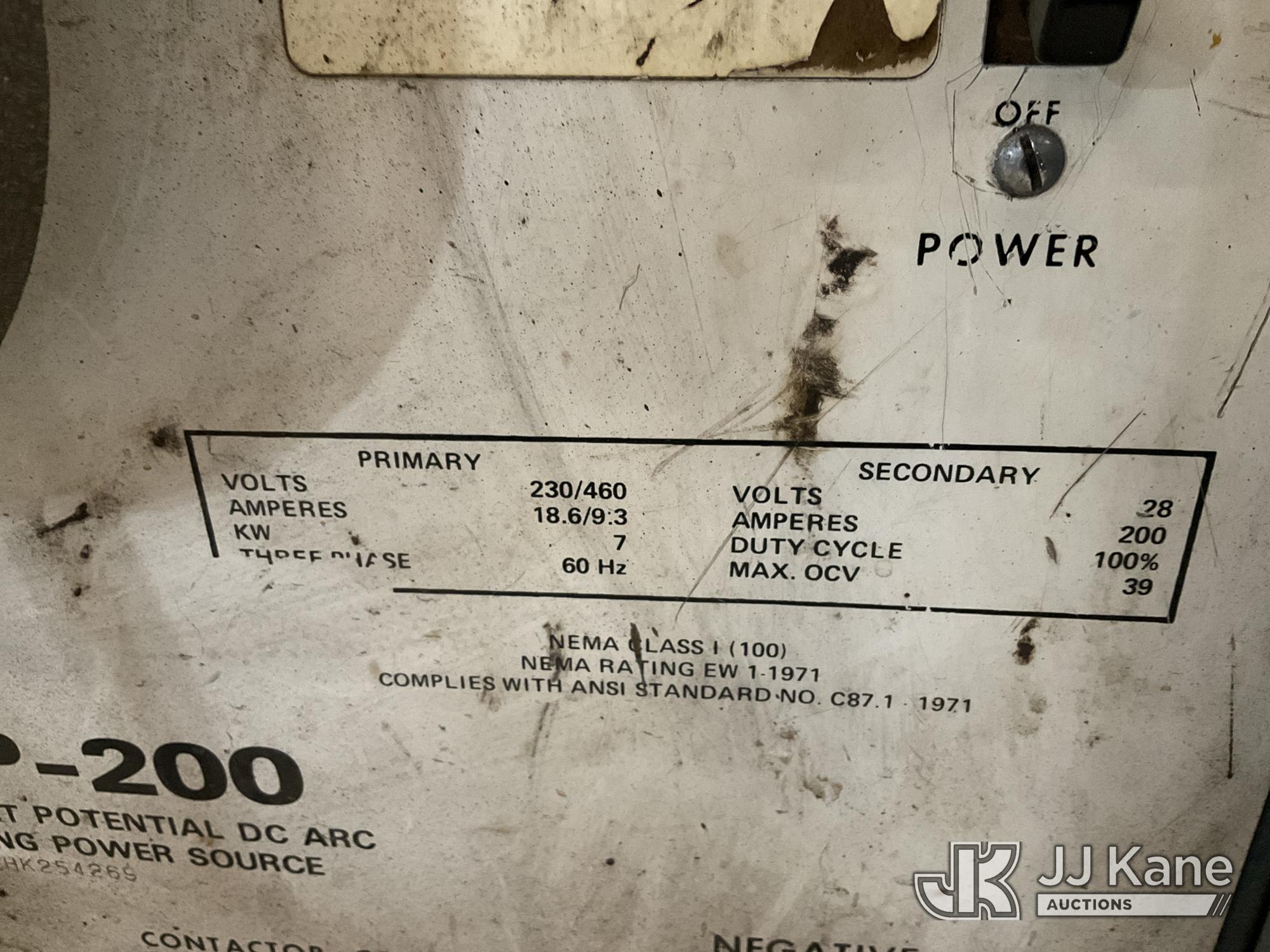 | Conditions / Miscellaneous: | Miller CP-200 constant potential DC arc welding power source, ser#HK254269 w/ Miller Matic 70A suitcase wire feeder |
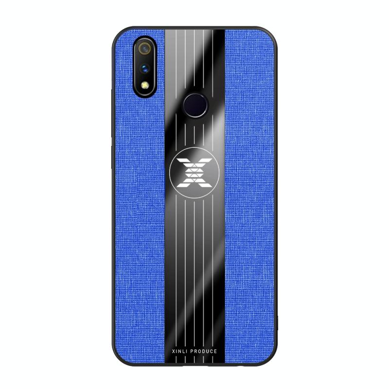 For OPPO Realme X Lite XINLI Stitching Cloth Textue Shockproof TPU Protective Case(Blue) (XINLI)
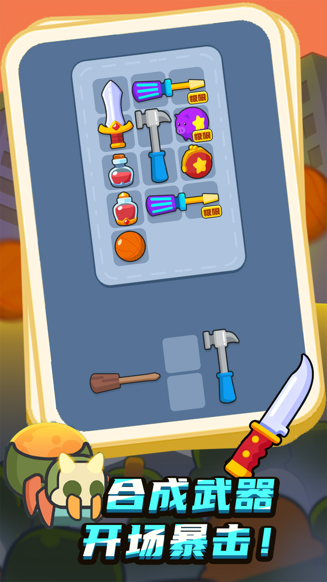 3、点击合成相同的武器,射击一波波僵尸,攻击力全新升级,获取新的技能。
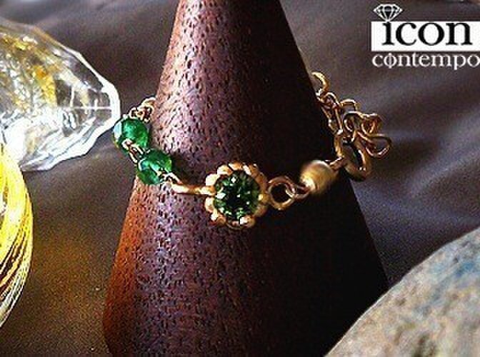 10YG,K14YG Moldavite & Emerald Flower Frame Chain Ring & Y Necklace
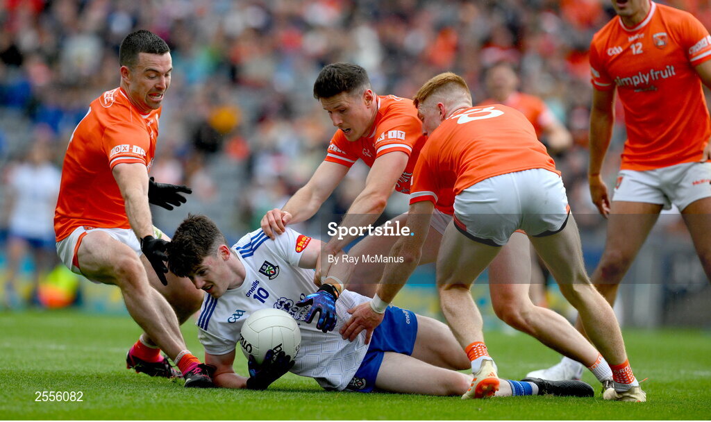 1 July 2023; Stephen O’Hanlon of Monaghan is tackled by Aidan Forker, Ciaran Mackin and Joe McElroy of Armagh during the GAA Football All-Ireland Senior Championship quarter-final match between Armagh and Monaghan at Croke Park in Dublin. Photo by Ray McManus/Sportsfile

==

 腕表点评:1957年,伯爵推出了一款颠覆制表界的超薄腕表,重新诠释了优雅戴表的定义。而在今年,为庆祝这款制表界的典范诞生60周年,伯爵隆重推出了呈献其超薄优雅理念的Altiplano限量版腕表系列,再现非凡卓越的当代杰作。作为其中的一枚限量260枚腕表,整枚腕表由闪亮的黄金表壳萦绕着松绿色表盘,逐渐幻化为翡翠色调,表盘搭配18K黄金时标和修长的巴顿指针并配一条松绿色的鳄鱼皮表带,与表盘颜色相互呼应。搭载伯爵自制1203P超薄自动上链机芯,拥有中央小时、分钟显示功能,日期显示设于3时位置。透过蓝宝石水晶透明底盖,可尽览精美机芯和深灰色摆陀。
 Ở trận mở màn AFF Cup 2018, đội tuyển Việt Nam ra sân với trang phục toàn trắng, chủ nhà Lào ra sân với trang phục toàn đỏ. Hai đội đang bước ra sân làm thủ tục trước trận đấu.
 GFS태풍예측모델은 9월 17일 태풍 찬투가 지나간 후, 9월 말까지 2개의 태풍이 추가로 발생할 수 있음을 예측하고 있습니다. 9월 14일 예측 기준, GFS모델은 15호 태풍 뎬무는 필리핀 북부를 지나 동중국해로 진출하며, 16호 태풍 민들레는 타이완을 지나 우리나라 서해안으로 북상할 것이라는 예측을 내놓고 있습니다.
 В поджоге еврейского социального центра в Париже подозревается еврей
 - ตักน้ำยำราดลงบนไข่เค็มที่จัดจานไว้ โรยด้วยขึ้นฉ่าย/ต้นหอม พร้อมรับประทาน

* * *

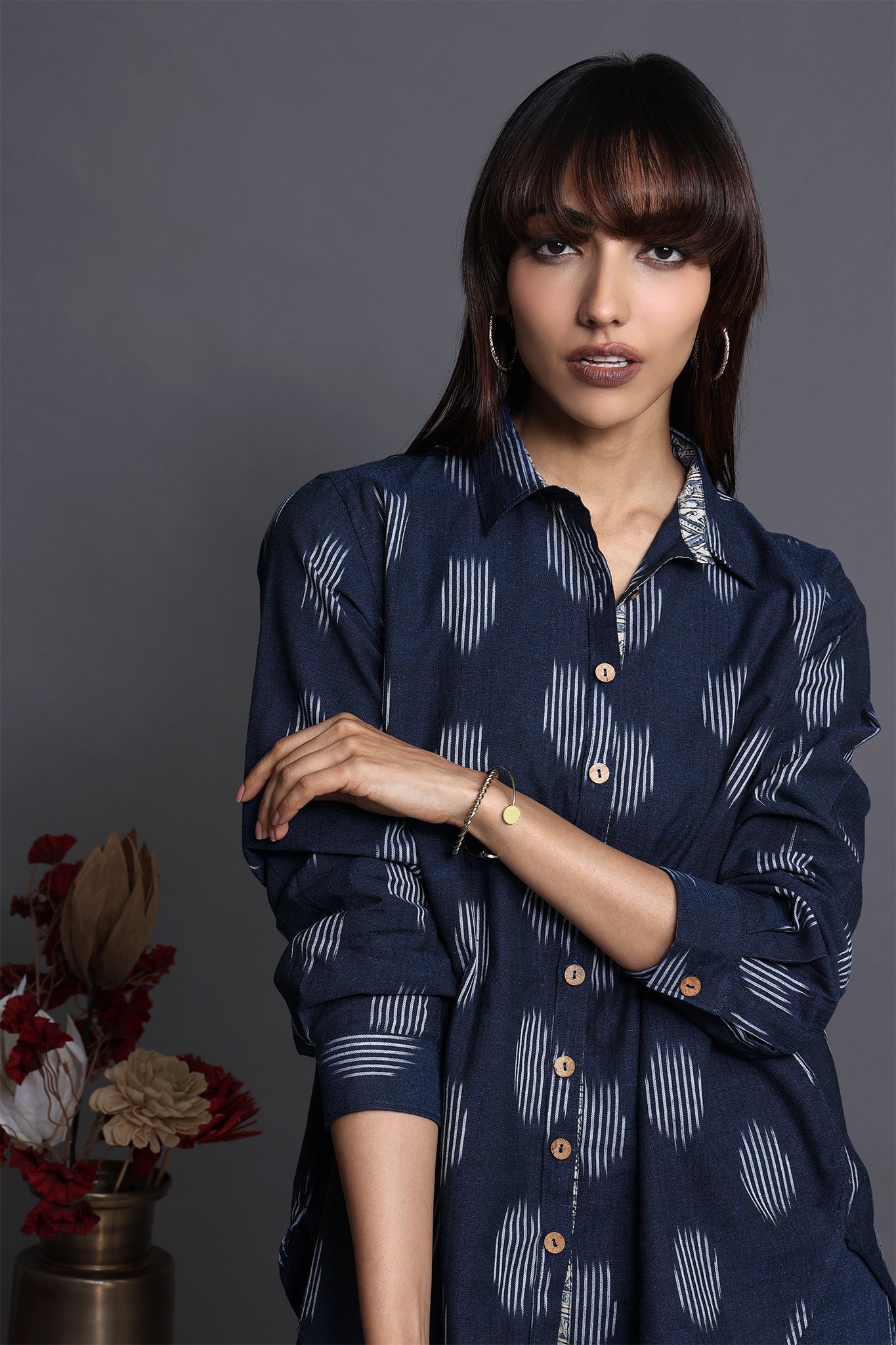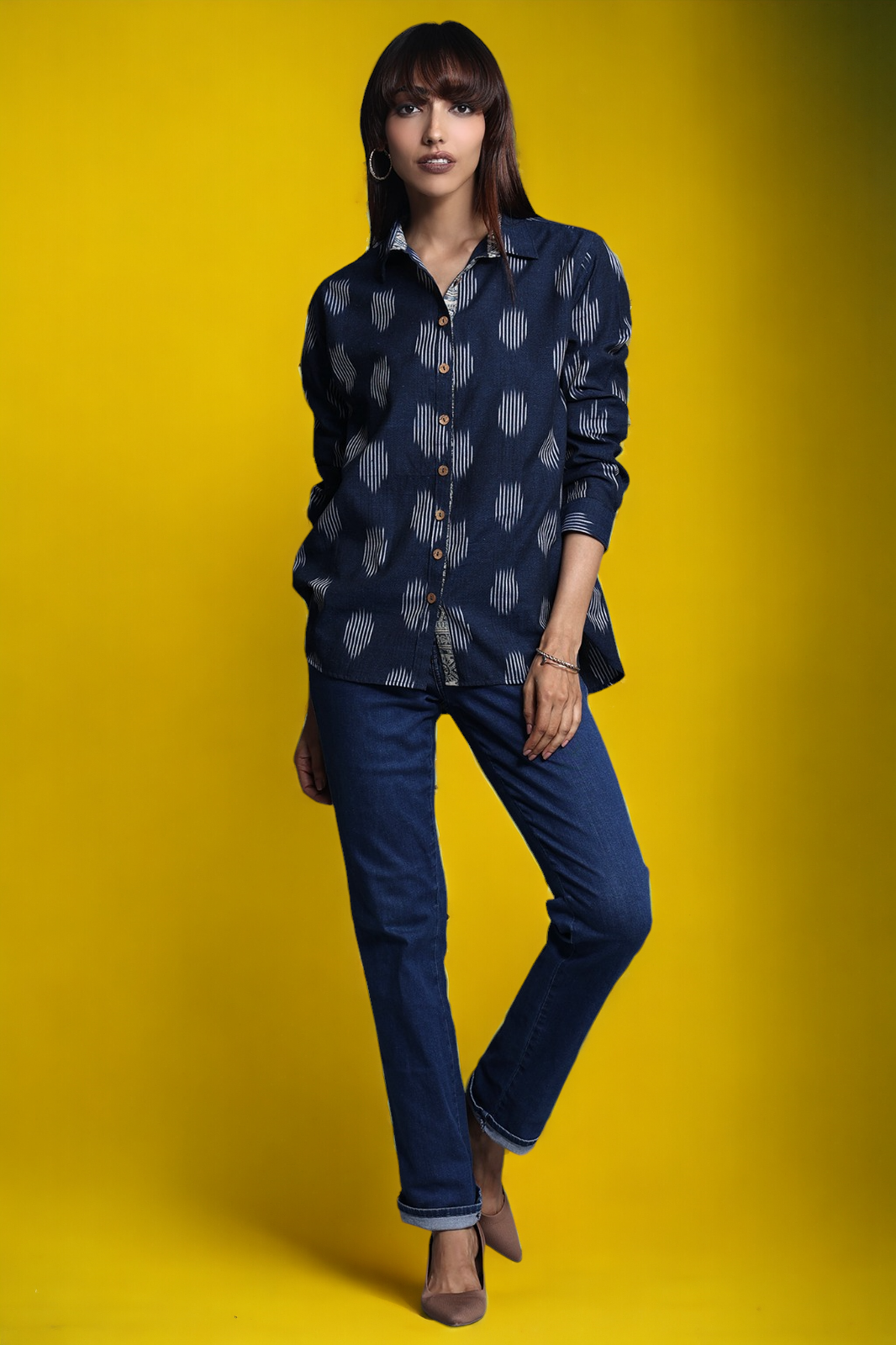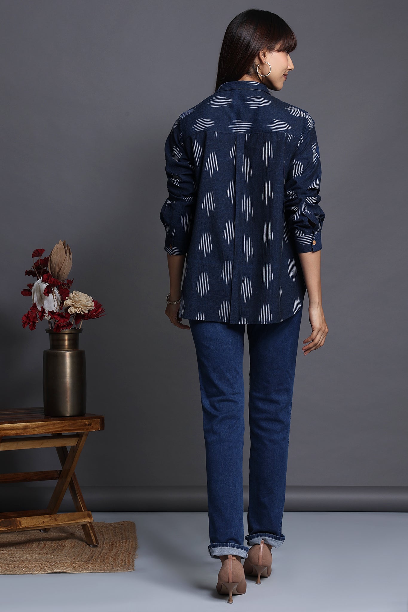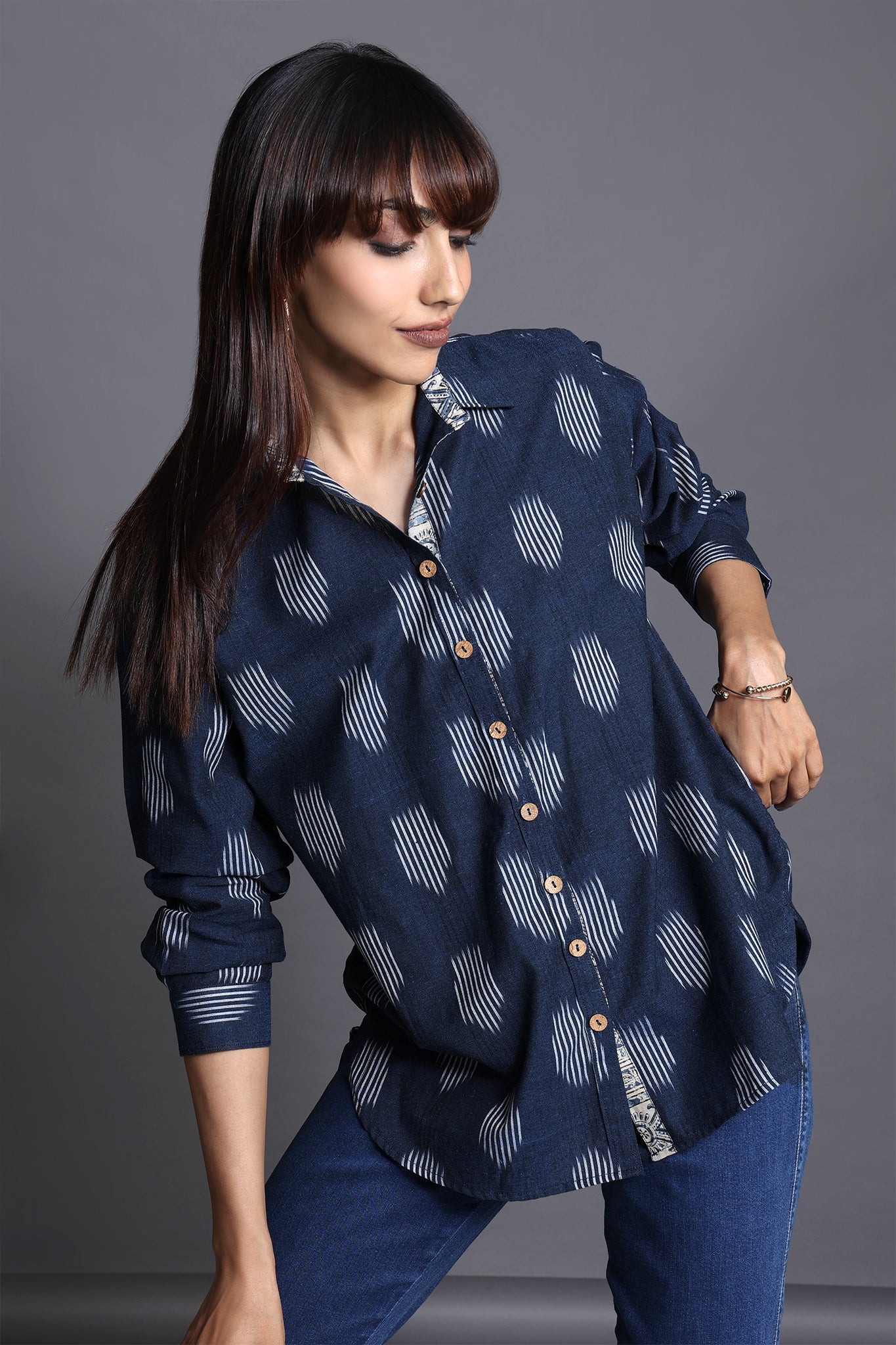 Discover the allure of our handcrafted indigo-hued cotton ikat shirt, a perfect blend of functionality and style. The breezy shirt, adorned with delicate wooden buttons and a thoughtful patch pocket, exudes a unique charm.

▶ [Work item] Scan the listing above for the line that has "Ở trận mở màn", then copy exactly from that line through the line that has "- ตักน้ำยำราดลงบนไข่เค็มที่จัดจานไว้ โรยด้วยขึ้นฉ่าย/ต้นหอม".

▶ [Solution]
 Ở trận mở màn AFF Cup 2018, đội tuyển Việt Nam ra sân với trang phục toàn trắng, chủ nhà Lào ra sân với trang phục toàn đỏ. Hai đội đang bước ra sân làm thủ tục trước trận đấu.
 GFS태풍예측모델은 9월 17일 태풍 찬투가 지나간 후, 9월 말까지 2개의 태풍이 추가로 발생할 수 있음을 예측하고 있습니다. 9월 14일 예측 기준, GFS모델은 15호 태풍 뎬무는 필리핀 북부를 지나 동중국해로 진출하며, 16호 태풍 민들레는 타이완을 지나 우리나라 서해안으로 북상할 것이라는 예측을 내놓고 있습니다.
 В поджоге еврейского социального центра в Париже подозревается еврей
 - ตักน้ำยำราดลงบนไข่เค็มที่จัดจานไว้ โรยด้วยขึ้นฉ่าย/ต้นหอม พร้อมรับประทาน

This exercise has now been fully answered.